As shown in fig. 1, in the present embodiment, the railway vehicle includes a vehicle body 11, bogies 12a and 12b, and axles 13a to 13 d. As described above, in the present embodiment, a railway vehicle in which one vehicle body 11 is provided with two bogies 12a and 12b and 4 sets of wheel axles 13a to 13d will be described as an example. The wheel shafts 13a to 13d have axles 15a to 15d and wheels 14a to 14d provided at both ends thereof. In the present embodiment, a case where the bogies 12a and 12b are non-axle-beam bogies will be described as an example. In fig. 1, for convenience of description, only one wheel 14a to 14d of the wheel shafts 13a to 13d is shown, but a wheel (in the example shown in fig. 1, the total number of wheels is 8) is also provided on the other wheel shaft 13a to 13 d. Note that the railway vehicle includes components (components described in a motion equation described later) other than the components shown in fig. 1, but for convenience of description, the components are not shown in fig. 1. For example, the bogies 12a, 12b have bogie frames, bolster springs, and the like. Axle boxes are disposed on both sides of each of the wheel shafts 13a to 13d in the y-axis direction. Further, the bogie frame and the axle box are coupled to each other via an axle box support device. The axle box support device is a device (suspension) disposed between the axle box and the bogie frame. The axle box support device absorbs vibration transmitted from the rail 16 to the railway vehicle. The axle box support device supports the axle box in a state in which the position of the axle box with respect to the bogie frame is restricted so as to suppress (preferably, not generate) the movement of the axle box with respect to the bogie frame in the direction along the x-axis and the direction along the y-axis. The axle box support devices are disposed on both sides of each of the wheel shafts 13a to 13d in the y-axis direction. The railway vehicle itself can be realized by a known technique, and therefore, a detailed description thereof will be omitted here.

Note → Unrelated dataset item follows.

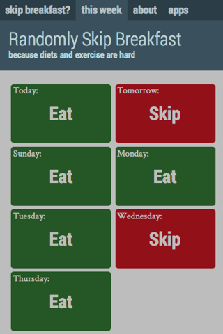 Diets and exercise are hard. Try something easier. Try skipping breakfast on two (random) days each week. The easiest form of intermittent fasting: just skip breakfast two (random) days each week. Use the App to find out each morning if you get to eat breakfast (or to plan your week).

When the railway vehicle runs on the track 16, the acting force (creep force) between the wheels 14a to 14d and the track 16 becomes a vibration source, and the vibration is transmitted to the wheel shafts 13a to 13d, the bogies 12a and 12b, and the vehicle body 11 in this order. Fig. 2 is a diagram conceptually showing directions of main motions of components (wheel axles 13a to 13d, bogies 12a and 12b, and vehicle body 11) of the railway vehicle. The x, y, and z axes shown in fig. 2 correspond to the x, y, and z axes shown in fig. 1, respectively.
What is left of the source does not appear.